▸ Task statement: All lines below between the line with "在金山街道,对采菊苑12号楼" and the line with "Indian mature senior", including both, must be copied exactly, and the pictures must be omitted.

▸ Recorded data:
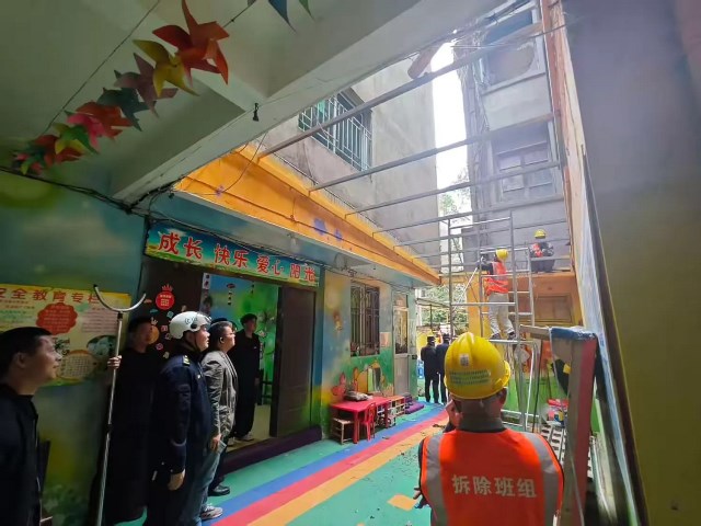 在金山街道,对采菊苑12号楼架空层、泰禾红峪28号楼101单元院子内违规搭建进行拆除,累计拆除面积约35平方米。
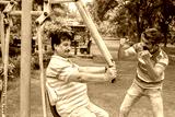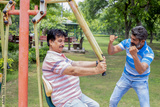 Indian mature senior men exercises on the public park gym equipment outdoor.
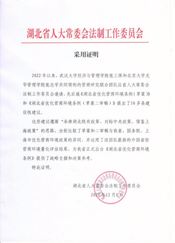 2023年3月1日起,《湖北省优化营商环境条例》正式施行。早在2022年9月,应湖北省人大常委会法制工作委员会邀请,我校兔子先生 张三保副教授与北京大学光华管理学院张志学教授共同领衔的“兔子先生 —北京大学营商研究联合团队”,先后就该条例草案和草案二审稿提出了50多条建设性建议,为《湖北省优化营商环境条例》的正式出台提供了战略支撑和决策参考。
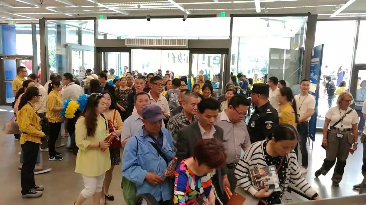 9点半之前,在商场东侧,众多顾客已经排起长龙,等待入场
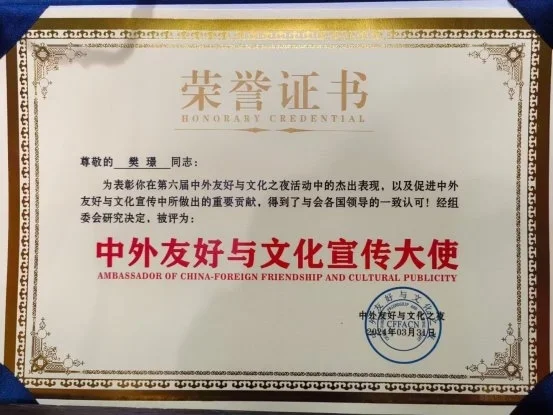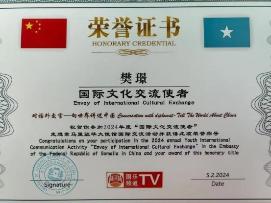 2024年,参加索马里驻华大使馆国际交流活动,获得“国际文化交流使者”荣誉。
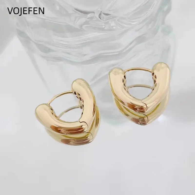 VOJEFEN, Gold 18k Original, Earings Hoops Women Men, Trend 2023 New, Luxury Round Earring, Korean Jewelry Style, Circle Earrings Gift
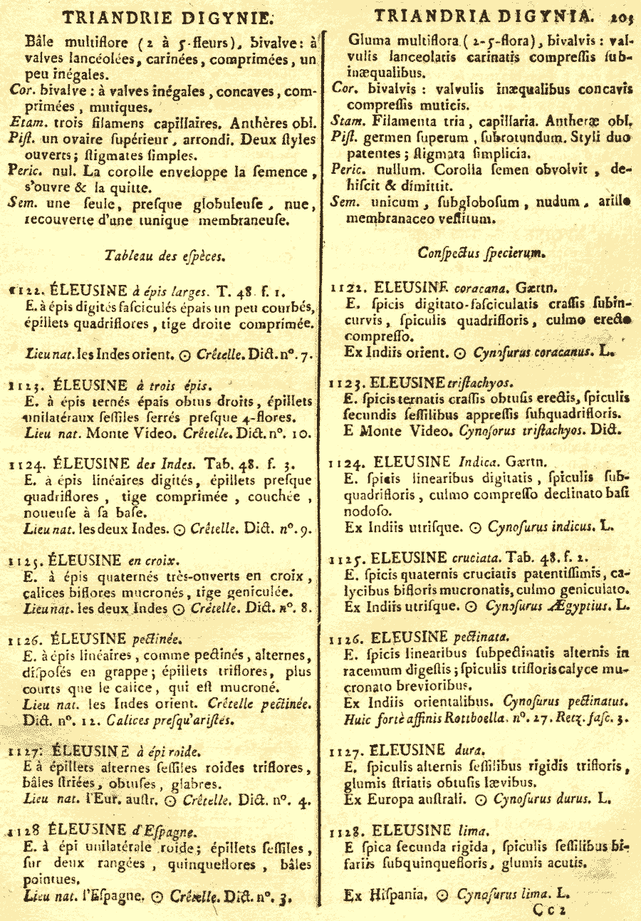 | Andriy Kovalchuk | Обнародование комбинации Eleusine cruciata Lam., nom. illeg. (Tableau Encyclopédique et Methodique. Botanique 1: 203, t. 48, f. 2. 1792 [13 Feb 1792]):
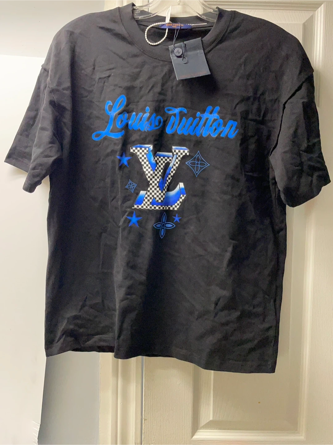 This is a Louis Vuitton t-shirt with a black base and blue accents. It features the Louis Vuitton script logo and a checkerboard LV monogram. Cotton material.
* * *
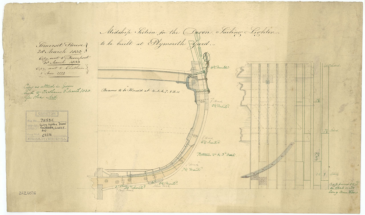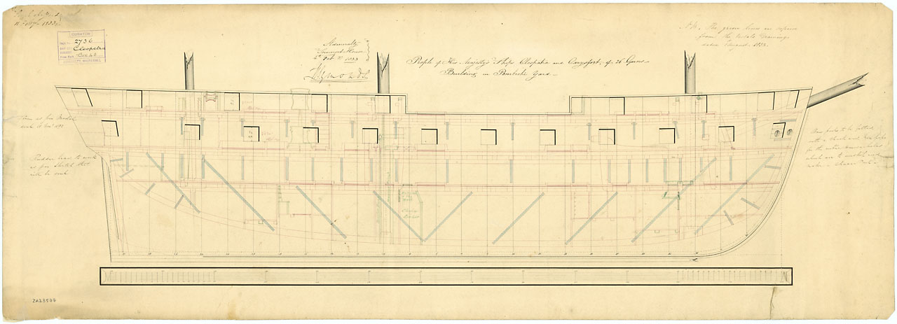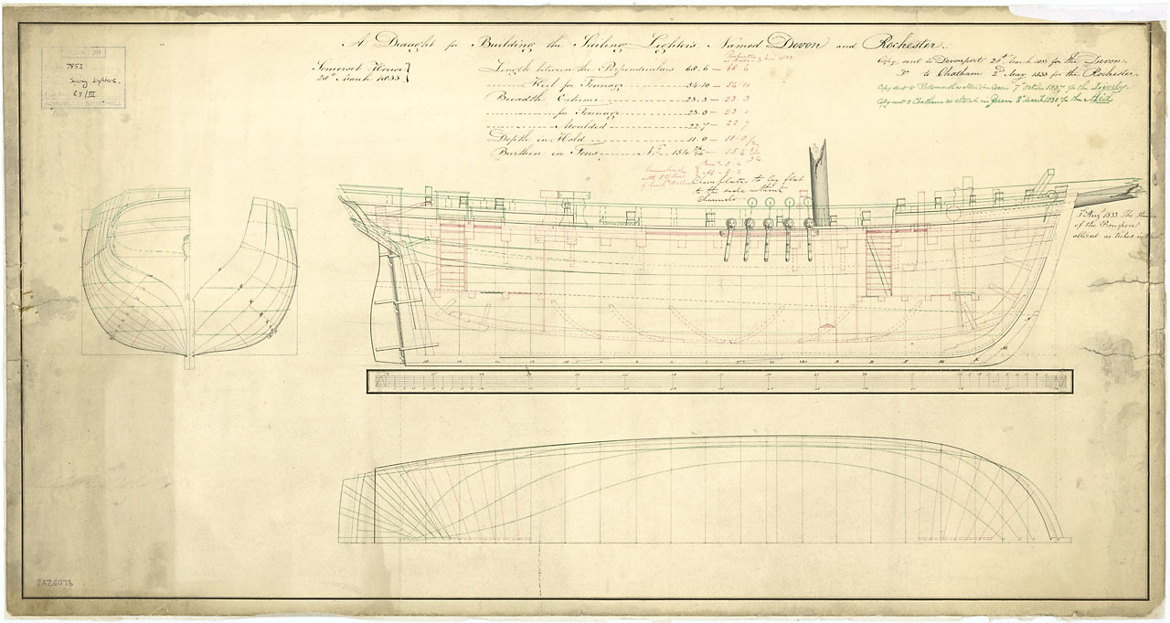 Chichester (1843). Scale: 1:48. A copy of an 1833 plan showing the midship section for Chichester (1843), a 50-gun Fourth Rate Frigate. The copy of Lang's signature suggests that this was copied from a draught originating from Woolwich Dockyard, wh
==
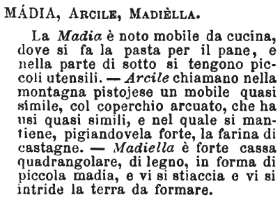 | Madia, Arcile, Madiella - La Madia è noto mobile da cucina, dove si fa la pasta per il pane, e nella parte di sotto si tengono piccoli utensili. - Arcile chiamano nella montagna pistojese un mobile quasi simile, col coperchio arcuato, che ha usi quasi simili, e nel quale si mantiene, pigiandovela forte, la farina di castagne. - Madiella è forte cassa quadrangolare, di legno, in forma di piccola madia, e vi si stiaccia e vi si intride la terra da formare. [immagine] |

▸ Solved problem:
 在金山街道,对采菊苑12号楼架空层、泰禾红峪28号楼101单元院子内违规搭建进行拆除,累计拆除面积约35平方米。
 Indian mature senior men exercises on the public park gym equipment outdoor.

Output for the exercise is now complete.